Mean Daily Insulin Dose (Total, Basal, and Bolus) [ Time Frame: 8 weeks for each treatment ]
Change From Baseline to 8 Weeks Endpoint for Each Treatment in Hemoglobin A1c (HbA1c) Values [ Time Frame: Baseline, 8 weeks for each treatment ]
Number of Participants Who Achieve or Maintain an HbA1c Less Than or Equal to 6.5% and Less Than 7% [ Time Frame: 8 weeks for each treatment ]
Percentage of Participants With Hyperglycemia [ Time Frame: 8 weeks for each treatment ]
Hyperglycemia was defined as an event with (1) a measured blood glucose concentration >250 milligrams per deciliter (mg/dL) (13.9 mmol/L) and ≥3 hours after eating, or (2) a measured blood glucose concentration >300 mg/dL (16.7 mmol/L) and <3 hours after eating.
Hyperglycemic Episode Rate Per 30 Days [ Time Frame: 8 weeks for each treatment ]
Hyperglycemia was defined as an episode with (1) a measured blood glucose concentration >250 milligrams per deciliter (mg/dL) (13.9 mmol/L) and ≥3 hours after eating, or (2) a measured blood glucose concentration >300 mg/dL (16.7 mmol/L) and <3 hours after eating. Rate is presented as the number of hyperglycemic episodes adjusted for 30 days.
Percentage of Participants With Pump Complications [ Time Frame: 8 weeks for each treatment ]
Overall Pump Complications were any combination of: tubing clogged, kinked, disconnected, pulled out, blood in tubing; too much heat, too much cold, empty reservoir, low battery, occlusion alarm, no delivery alarm; at site - skin abscess, excessive redness, swelling (not nodule), bleeding, bruising; reservoir change (infusion set change reason only); and other.
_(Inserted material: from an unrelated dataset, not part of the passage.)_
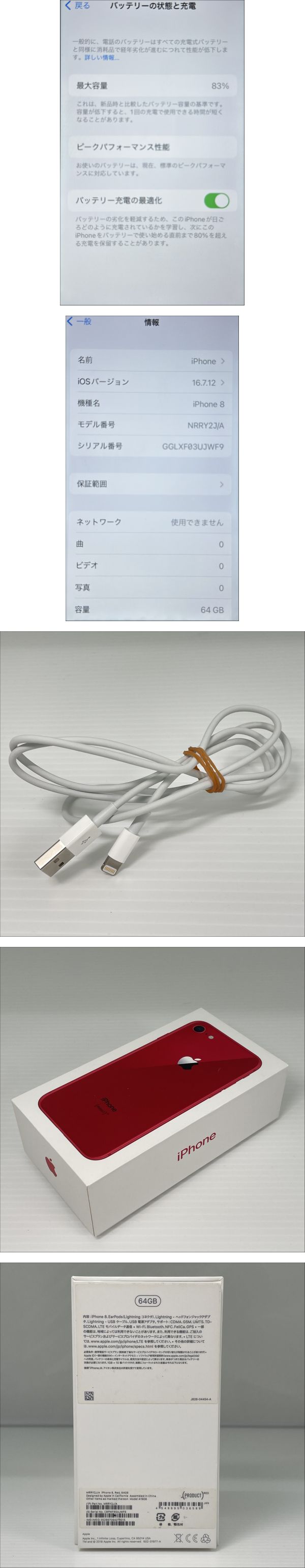 - 2603M4203 Apple アップル iPhone8 NRRY2J/A 64GB IMEI Softbank系:〇判定 SIMロック有 通電確認済 箱付 プロダクトレッド

When either a reservoir change or an infusion set change was reported, participants were questioned whether change was early (prior to 6 days for L6D or A6D, or prior to 2 days for L2D). If 'yes', then recorded as premature change.
Pump Complication Rate Per 30 Days [ Time Frame: 8 weeks for each treatment ]
Overall Pump Complications were any combination of: tubing clogged, kinked, disconnected, pulled out, blood in tubing; too much heat, too much cold, empty reservoir, low battery, occlusion alarm, no delivery alarm; at site - skin abscess, excessive redness, swelling (not nodule), bleeding, bruising; reservoir change (infusion set change reason only); and other. When either a reservoir change or an infusion set change was reported, participants were questioned whether change was early (prior to 6 days for L6D or A6D, or prior to 2 days for L2D). If 'yes', then recorded as premature change.
Percentage of Participants With Hypoglycemia [ Time Frame: 8 weeks for each treatment ]
Hypoglycemia was defined as an event which was associated with
1. reported signs and symptoms of hypoglycemia, and/or
2. a documented blood glucose (BG) concentration of ≤ 70 mg/dL (3.9 mmol/L).
Hypoglycemia Episode Rate Per 30 Days [ Time Frame: 8 weeks for each treatment ]
Hypoglycemia was defined as an event which was associated with
1. reported signs and symptoms of hypoglycemia, and/or
2. a documented blood glucose (BG) concentration of ≤ 70 mg/dL (3.9 mmol/L). Rate is presented as the number of hypoglycemic episodes adjusted for 30 days.
Change From Baseline to 8 Weeks Endpoint for Each Treatment in Weight [ Time Frame: Baseline, 8 weeks for each treatment ]
Change From Baseline to 8 Weeks Endpoint for Each Treatment in Blood Pressure [ Time Frame: Baseline, 8 weeks for each treatment ]


Enrollment:	132
Study Start Date:	April 2010
Study Completion Date:	August 2011
Primary Completion Date:	August 2011 (Final data collection date for primary outcome measure)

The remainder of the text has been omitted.